I do this. Personally I use cloudflaire for my domain and dns, not that I’m committed to them it’s just what I use. I then use protonmail for my email and point the relivent records to them.
Friends don’t let friends self host email.
Easy enough to make it work, but maintaining 100% uptime and 100% deliverability is very difficult.
.
Self-hosting email is not at all easy, and I’d recommend paying for hosted email from a service that lets you use a custom domain. Most will let you have multiple inboxes, although this may cost extra.
Then, just buy a domain (NameCheap is fine) and point your MX records at the email provider.
Lots of people have said worthwhile things. Don’t selfhost email for example. While going with an email hoster has been recommended a couple times, which is good and easy, I want to offer an alternative: SimpleLogin (or comparable providers). Essentially a “email alias generator”, it forwards received emails to one or more mail addresses (Google, Hotmail, what have you).
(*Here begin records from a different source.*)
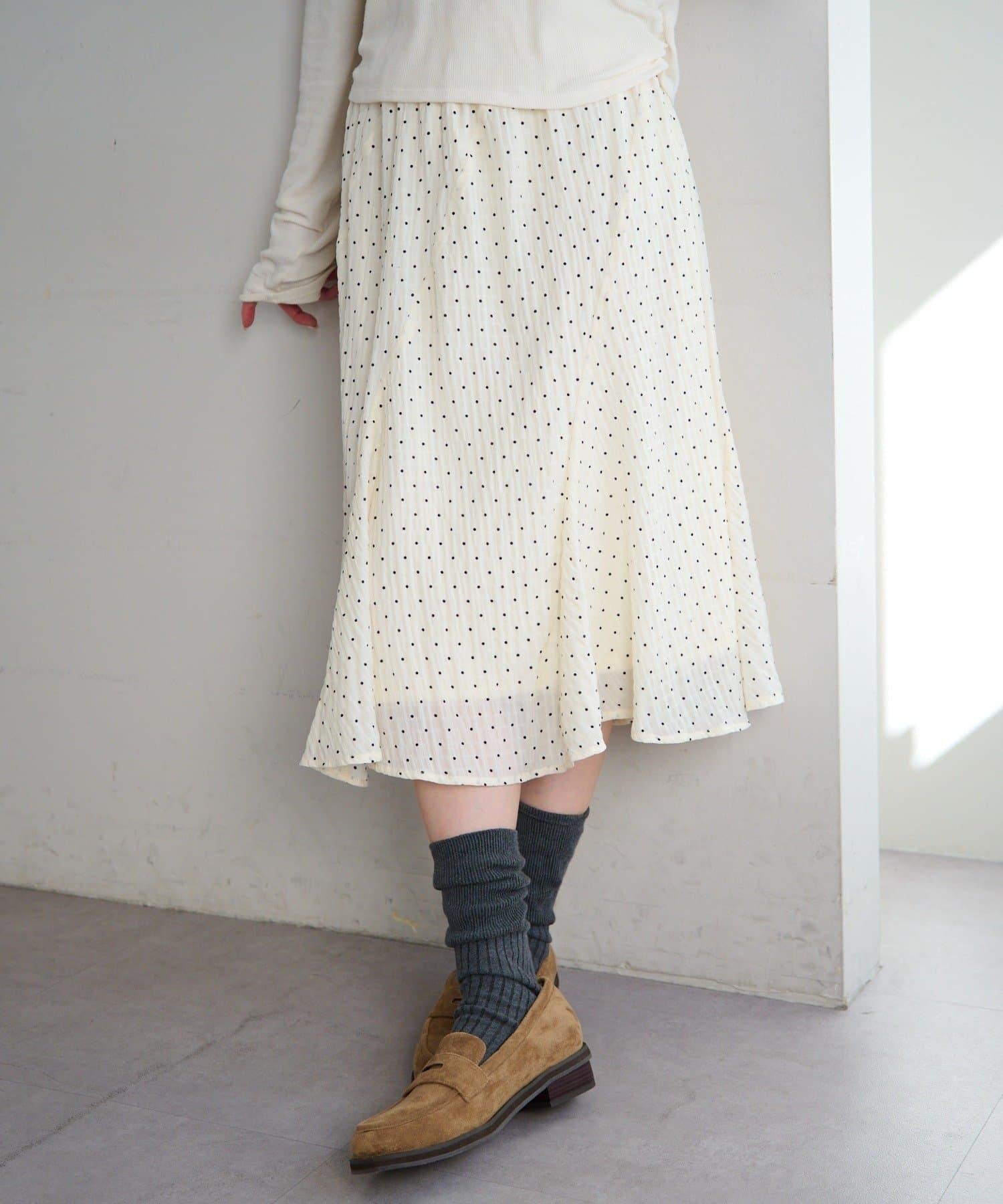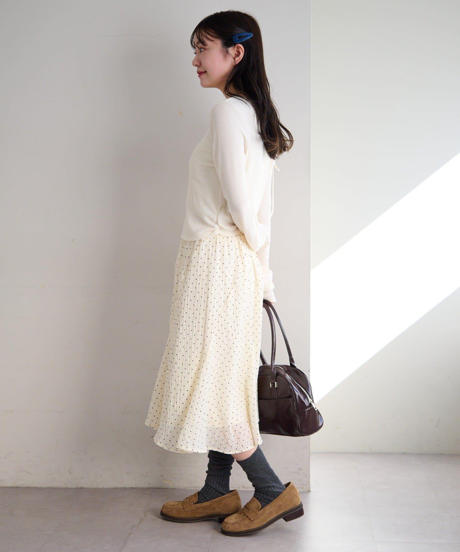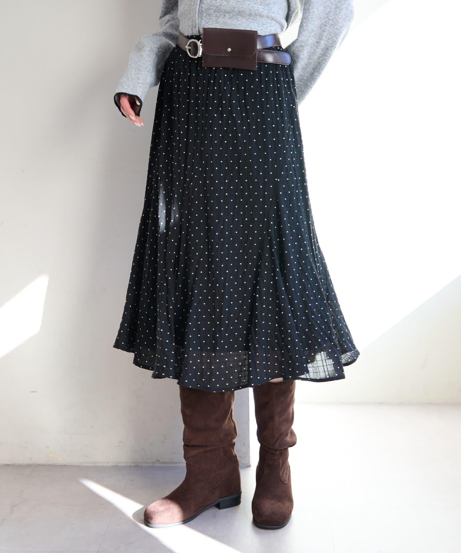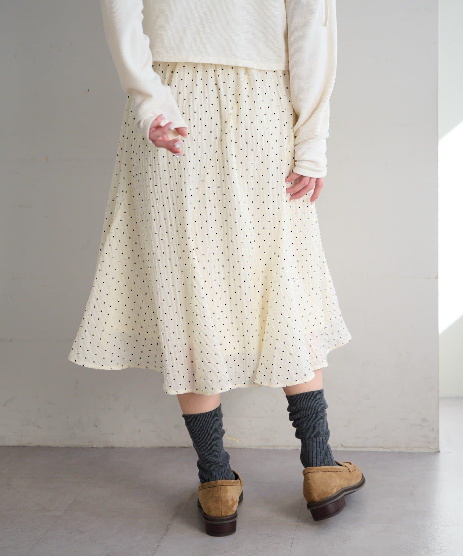 這款薄紗中裙採用基本的圓點圖案,春夏兩季均可穿著,也適合長季節穿著。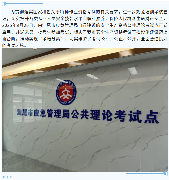 推动实现考培分离 维护考试公平公正 汕尾市安全生产公共理论考试点正式启用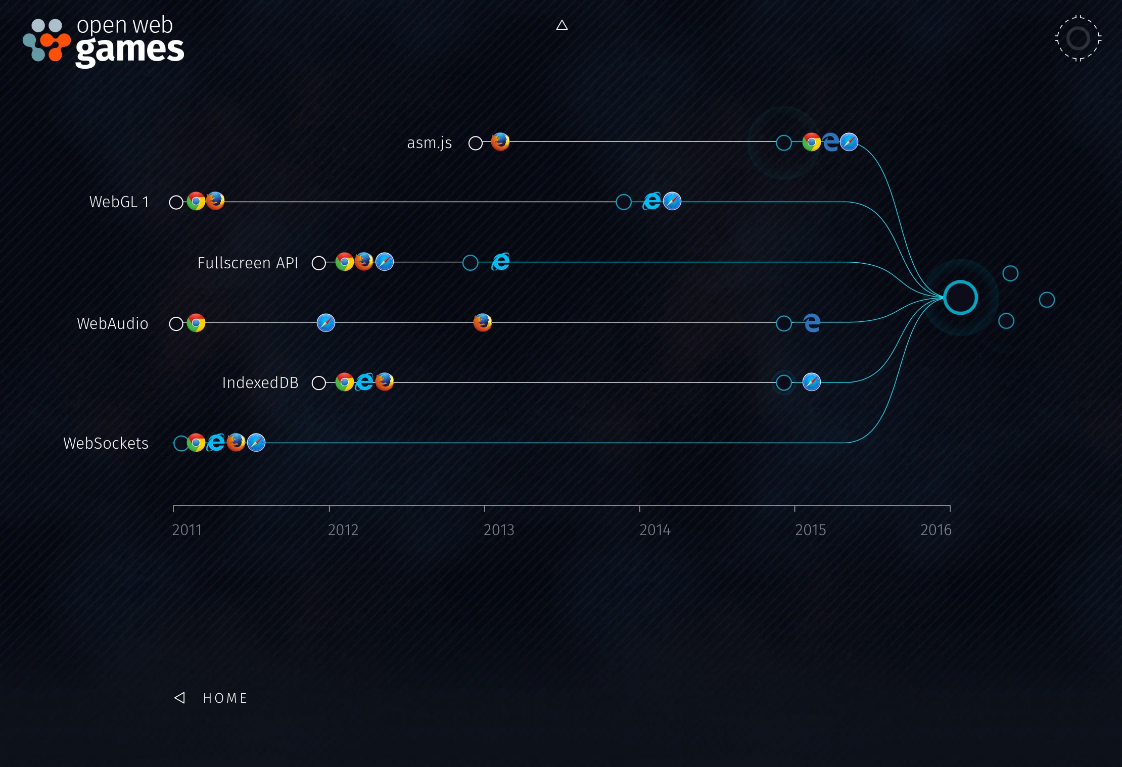 The Web is Changing the Game. Is your browser ready to play? The next generation of games are being developed today. The use of web technologies is allowing more studios and developers to engage directly with their audiences. Mozilla has been working with other browser vendors to standardize the technologies that are turning browsers into the "new console." www.openwebgames.com was developed working with Bonfire Red and S77 to showcase and highlight what's possible, how current browsers stack up and to provide a standardized test suite.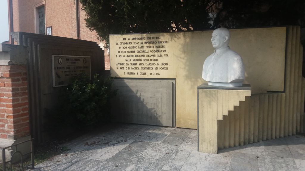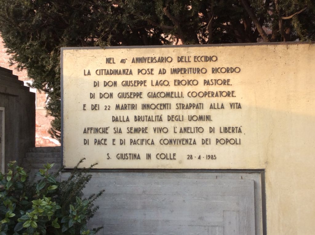 Tra gli ostaggi ne vennero scelti una ventina: furono condotti sotto la spianata vicino al campanile, dove oggi sorge il muro, e furono uccisi con una rivoltellata alla testa. Poco dopo anche il parroco don Lago e il cappellano don Giacomelli vennero trucidati barbaramente. La loro morte lasciò un profondo segno nella comunità, tanto che oggi ci son ben tre Pietre della Memoria che ricordano l'evento, proprio dove avvenne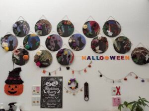 大きい子たちは段ボールの台紙に絵の具をスタンピングし猫のモチーフや飾りを付けて幻想的で素敵な作品を作りました!
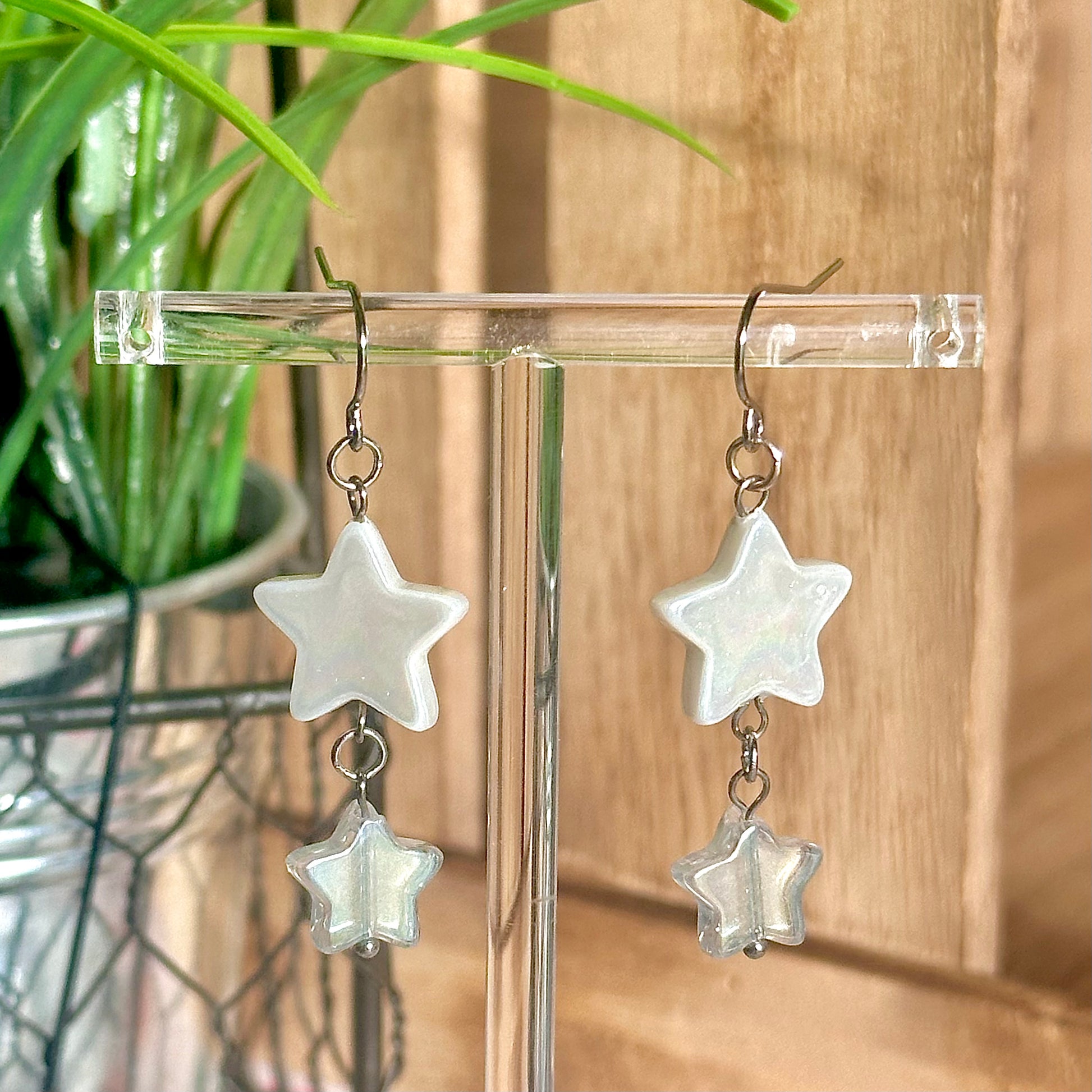 Made with stainless steel hooks, star shaped imitation pearl and glass beads. Hypoallergenic.

It also allows you to connect a domain and then create new inboxes on the fly by simply sending (or telling a service to send) an email to that non-existing inbox. Which is incredibly handy if you’re faced with a situation that demands an email, where you don’t want to give out an actual email.
So say you have the domain doe.com, and you’re in a physical shop at the register, faced with the question if you want to get 10% off by registering for their members club. You can simply give the cashier the email “coupon_walmart@doe.com” (which does not yet exist), the email will be sent, received bei SL, the inbox created and the coupon code forwarded to your Gmail account. Afterwards, you can disable or delete the inbox and never have to worry about newsletters or data breaches. Nifty!
Every one of these boxes also has its own “sent from” address visible in your actual mail account. Which means that you can simply respond to incoming emails, and the recipient will see the mail address they sent a message to. This also means that you can set up filters in your mail account to move messages from certain sender addresses into specific labels, as if they were real separate email accounts.
I’m an admin of a self hosted iRedMail (with iRedAdmin Pro).
My advice is: Don’t.
Getting an email server running is easy. Managing them is not.
There are some good advice here. Use commercial service with personal domain.